We remember quite well. One of our best friends was in the market heavily. He and his wife had just showed us their plans to remodel their home. The plans were put on a very long hold. It took him years to earn it back.
 
"There can be few fields of human endeavor in which history counts for so little as in the world of finance. Past experience, to the extent that it is a part of memory at all, is dismissed as the primitive refuge of those who do not have the insight to appreciate the incredible wonders of the present."

A Short History of Financial Euphoria, John Kenneth Galbraith
 
We remember quite well. One of our best friends was in the market heavily. He and his wife had just showed us their plans to remodel their home. The plans were put on a very long hold. It took him years to earn it back.

Not really. The S % P 500 closed on10/19/87 at 225. By 12/31/93, less than 6 years later, the S % P 500 closed at 466. A gain of over 100%. I assume your friends didn't sell ???
 
Yes it was. The public were net sellers of equities from October of 1987 to 12/31/1993, a time when the market doubled. Same thing in the fall of 2008 and spring of 2009. The public has sold trillions in equiites since the fall of 2007. There is now 12 trillion in cash. What did Yogi say "deja vu all over agian".
 
I was a buyer post 9/11 market opening and that turned out pretty good too for the ol 401k :eagerness:

It all seems to be a pretty simple concept to me.....buy when it's low ...sell when its high....
 
I was a buyer post 9/11 market opening and that turned out pretty good too for the ol 401k :eagerness:

It all seems to be a pretty simple concept to me.....buy when it's low ...sell when its high....
Let me know when its low and when its high
 
Bernie Madoff comes to mind:

MARKET SWINGS
"Take my word for it, for the most part you can ignore those moves."
 
Buying and selling might work for some...here are some examples of really boring stocks and what they have done since 10/20/ 1994

Stock Price 10/20/1994 Current Price Bond Equivalent Yield

PG $16.00 $84.00 17.5%

XOM $14.00 $93.00 19.7%

MO $4.75 $47.00 43.7%

PEP $15.00 $94.00 17.4%

JNJ $13.00 $100.00 21.5%


Turn off the tv, throw away the charts, buy high quality CONSERVATIVE companies and relax.
 
Buying and selling might work for some...here are some examples of really boring stocks and what they have done since 10/20/ 1994

Stock Price 10/20/1994 Current Price Bond Equivalent Yield

PG $16.00 $84.00 17.5%

XOM $14.00 $93.00 19.7%

MO $4.75 $47.00 43.7%

PEP $15.00 $94.00 17.4%

JNJ $13.00 $100.00 21.5%


Turn off the tv, throw away the charts, buy high quality CONSERVATIVE companies and relax.
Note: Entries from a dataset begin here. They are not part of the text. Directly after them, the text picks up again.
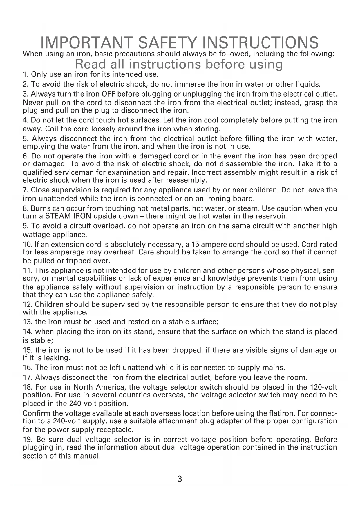 When using an iron, basic precautions should always be followed, including the following: Read all instructions before using
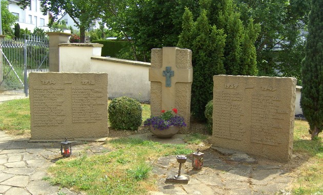 Kirche mit Friedhof: Drei Steintafeln, linke Seite mit den Namen des Ersten Weltkriegs, in der Mitte ein Stein mit Kreuz und rechte Seite mit den Namen des Zweiten Weltkriegs.
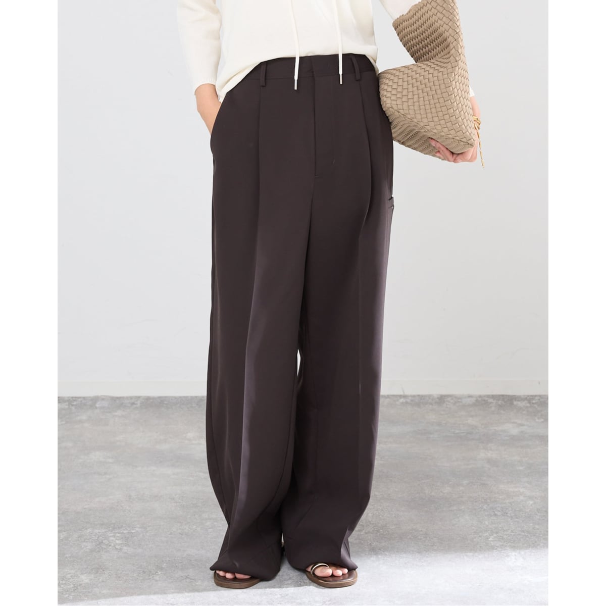 仕立て映えのする素材特性を活かし、シルエットが美しく際立つパンツに仕上げました。
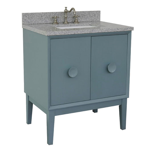 31" Single vanity in Aqua Blue finish with Gray granite top and rectangle sink
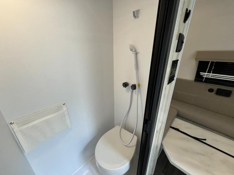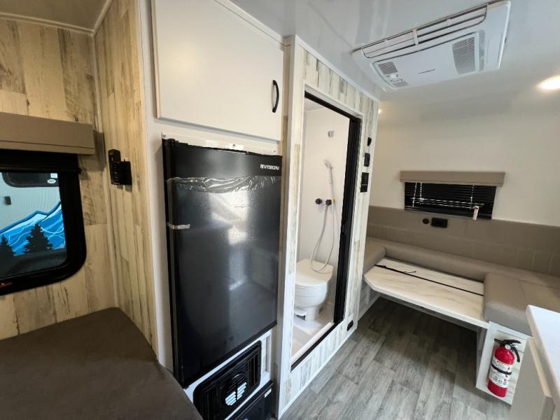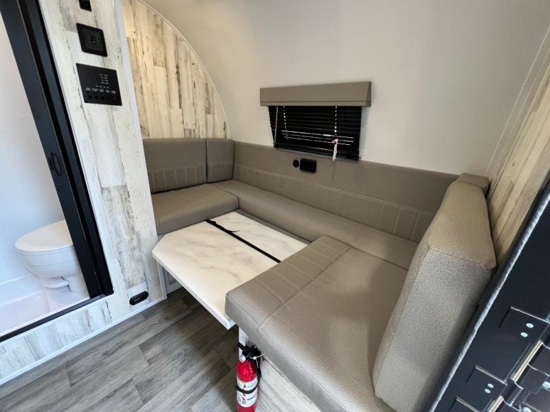 If you're looking for a teardrop trailer with a little more space, check out this Big Buggy BB14! There is a front U-shaped dinette that can convert to cozy sleeping space, a two burner stove, plus a large 12V refrigerator. You can clean up each day in the wet bath that includes a two way bath vent fan plus a Dometic toilet. The exterior baggage door will keep all your gear secure, and the torsion axle will provide smooth towing from home to campground.
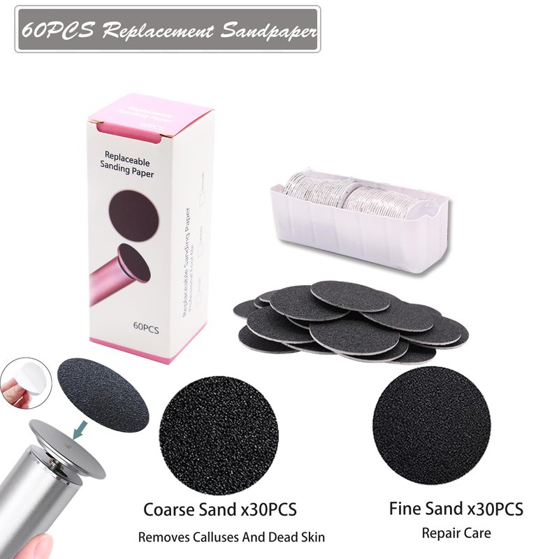- 【With 60PCS Self-adhesive Replaceble Sandpaper Discs】Self-adhesive sandpaper,easy to paste and replace. With 60pcs replaceble sandpaper discs, meeting your different needs. (30 pieces rough sandpaper, suitable for quite dry and rough heels, and the other 30 pieces is fine sandpaper,which is more suitable for soft skin), meeting your different needs.
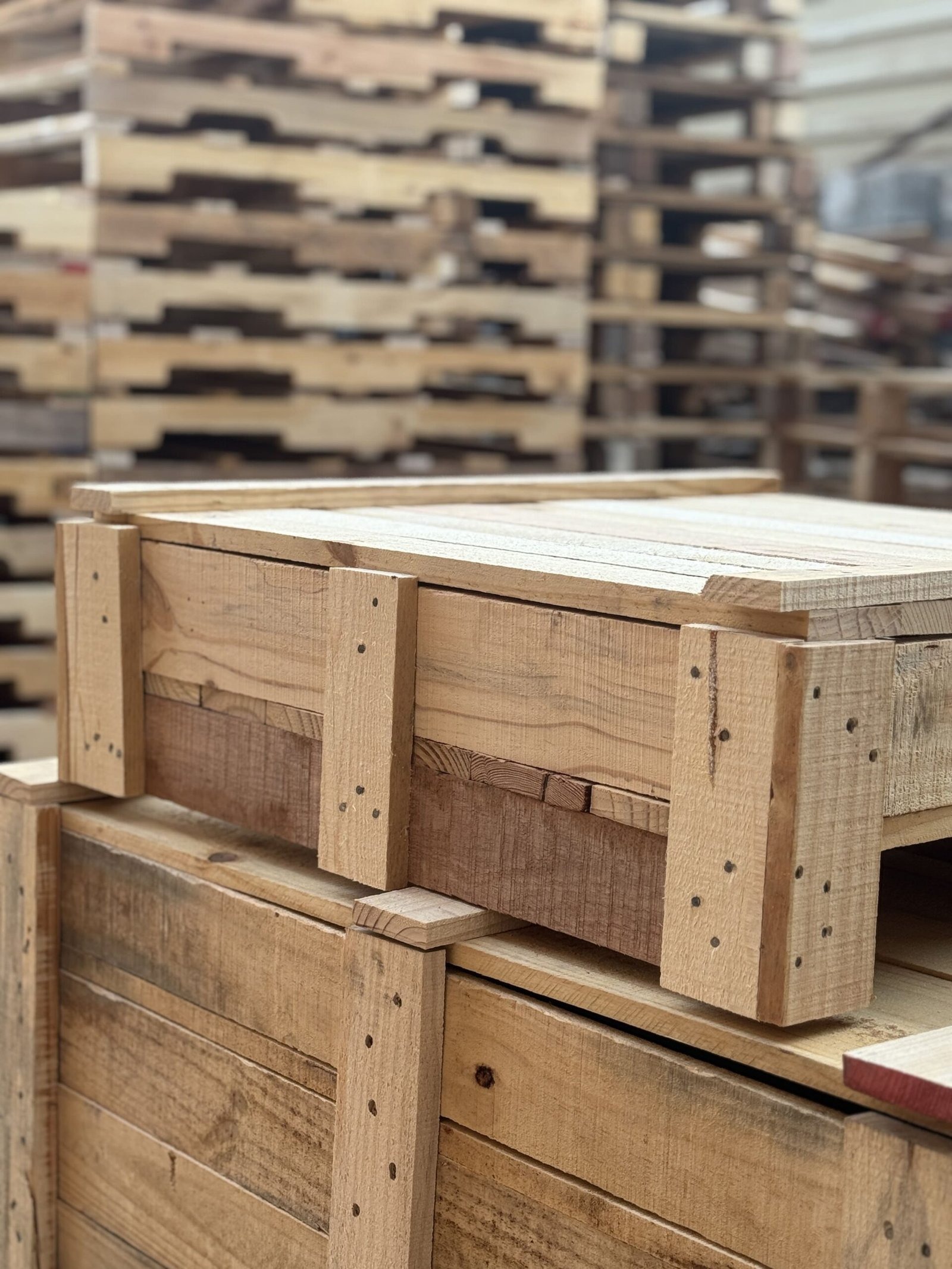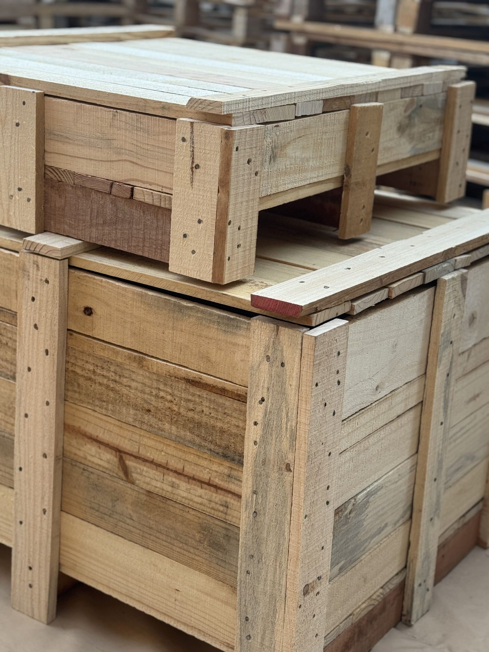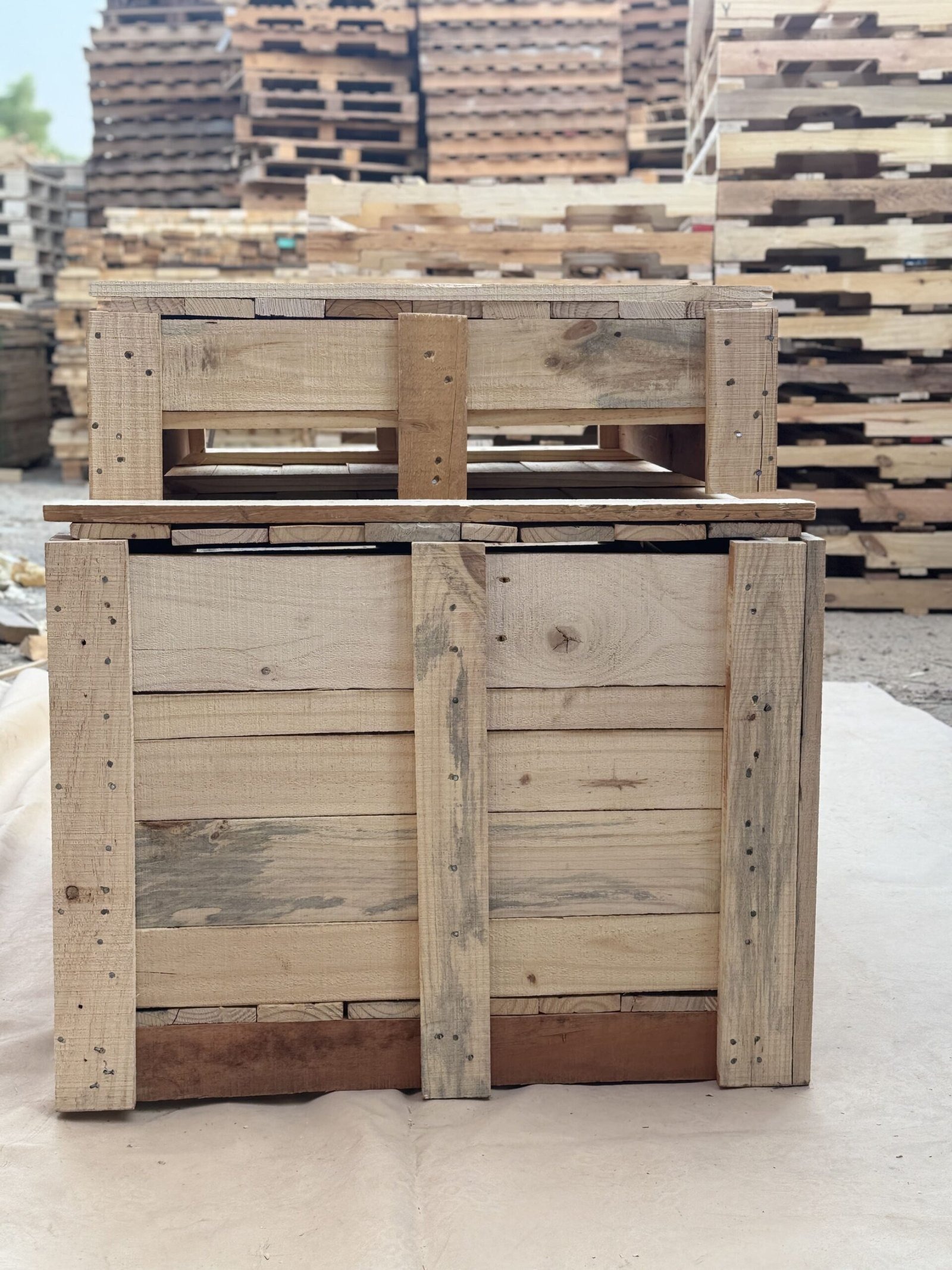 Al Wadi Rafidain Carpentry, we manufacture and supply high-quality wooden pallets, wooden crates, wooden boxes, and custom wooden solutions across the UAE.
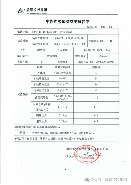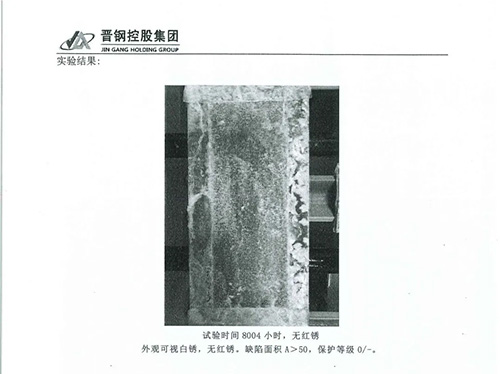 近日,先進(jìn)金屬材料涂鍍國(guó)家工程實(shí)驗(yàn)室晉鋼分實(shí)驗(yàn)室里傳來(lái)喜訊:晉鋼鋅鋁鎂產(chǎn)品在鹽霧測(cè)試條件下歷時(shí)300多個(gè)日夜,歷經(jīng)8000小時(shí)腐蝕性環(huán)境的考驗(yàn),表面測(cè)試合格無(wú)紅銹。這一里程碑式的成果有力彰顯了晉鋼鋅鋁鎂產(chǎn)品在耐腐性能方面的卓越實(shí)力,同時(shí)也充分證明了晉鋼先進(jìn)的科研水平和過(guò)硬的產(chǎn)品質(zhì)量。
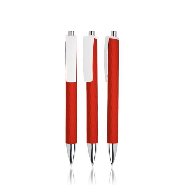 Długopis plastikowy z dużym klipsem, z mechanizmem wciskanym, pisze na czarno. Rozmiar: 14 x 1,1 cm T2 (tampodruk): 3 x 1 cm Kolor: Czerwony
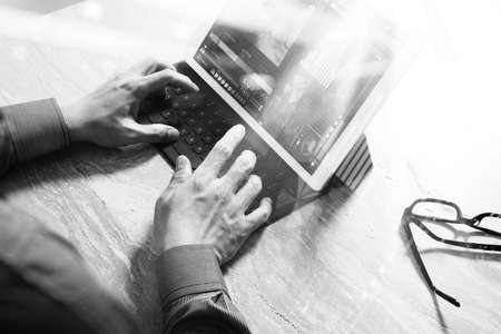 Businessman hand working concept. Photo investor working with new startup project. Digital tablet keyboard dock screen computer design smart phone using. Eyeglass on marble desk. Sun flare effect. black white

nah.....mix it up with the tried and true s and the risky ones.....my father in law taught me some of the risky ones aren't risky at all if you know where to look and what to look for.....he bought boatloads of AOL, Intel and Double Click when they were penny stocks and cashed out big.....I bought a lot of the Google Glass provider HIMX for pennies, which topped out at 16 bucks earlier this year and I cashed out .....I love momentum trading to go along with the cornerstone stocks
 
525% appreciation on a stock like P and G and a 17.5% cash return every year and growing? Turn off the tv and throw away the chart books. :)
 
nah.....mix it up with the tried and true s and the risky ones.....my father in law taught me some of the risky ones aren't risky at all if you know where to look and what to look for.....he bought boatloads of AOL, Intel and Double Click when they were penny stocks and cashed out big.....I bought a lot of the Google Glass provider HIMX for pennies, which topped out at 16 bucks earlier this year and I cashed out .....I love momentum trading to go along with the cornerstone stocks

When was AOL a penny stock?
 
Any stock under five bucks to me is s penny stock ....he is a California tech geek and grabbed that stuff the second if went public
 
There are very few investors that would not kill for a 17.5% and growing cash flow from a solid, stable company. When Buffet did his hugely successful deal with B of A he got 6%. Oh and did I mention 525% appreciation in addition to the growing cash flow? This is not a company that few understand, it is Procter and Gamble. Don't like P & G? How about some other unknowns like Exxon, Johnson and Johnson or Pepsi?